Ben Lewis
This is an introduction to the MediaWiki API; MediaWiki is the software that runs Wikipedia and associated projects (and the CDSW wiki!), and it exposes an API that lets users write queries and get information back about practically any part of Wikipedia. The site I linked to describes the API and all its various features, in more depth than we'll cover here.
import requests
ENDPOINT = 'https://en.wikipedia.org/w/api.php'
wp_call = requests.get(ENDPOINT + '?'
+ 'action=query&'
+ 'prop=links&'
+ 'titles=User:Zen-ben&'
+ 'continue=&'
+ 'format=json')
What we have above is a call to the Wikipedia API. I've broken this apart into separate, concatenated stanzas to make each section stand alone, but it would work as one string too. This makes explaining each part easier, and provides a clean segue into the next way we'll call this code.
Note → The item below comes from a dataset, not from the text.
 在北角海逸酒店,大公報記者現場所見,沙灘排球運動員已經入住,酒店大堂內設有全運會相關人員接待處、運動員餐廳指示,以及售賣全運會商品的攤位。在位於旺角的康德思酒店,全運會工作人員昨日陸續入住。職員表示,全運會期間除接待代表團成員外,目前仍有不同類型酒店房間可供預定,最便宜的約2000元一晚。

The string https://en.wikipedia.org/w/api.php
is the endpoint for this call;
this is the URL for the API itself. The part of the URL after the question mark
is called the query, and it defines the work you want the API to perform.
In order to avoid writing the same string over and over again, as well as avoid
errors, I've declared a variable called ENDPOINT
for this specific string.
(It's all-caps to remind me to never write anything to it, only to read from
it.) We'll be using this string every time we make a request.
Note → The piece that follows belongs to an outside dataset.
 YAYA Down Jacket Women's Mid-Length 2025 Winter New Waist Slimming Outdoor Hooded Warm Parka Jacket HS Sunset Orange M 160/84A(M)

A query is a list of parameters you pass to a server as a part of a URL; not
every URL has them (in fact, most sites you browse to don't have them. They're
only really common when interacting with APIs.) The query in our request above
is everything that comes after the question mark; it separates the query from
the path, which in this case is /w/api.php
. The query is composed of
parameter/value pairs, which have the form parameter=value
and are separated
with ampersands (&
).
By setting action=query
, we're requesting information from the Wikipedia
servers. Note that this query is unrelated to the query string; if we wanted
to edit Wikipedia via the API (which is possible, the syntax is different and
outside the scope of this session), we would write action=edit
instead. The
action
parameter is required in a MediaWiki API call.
Using prop=links
tells the API we want information about links on a page (or
pages) that we haven't specified yet. (That's in another parameter.)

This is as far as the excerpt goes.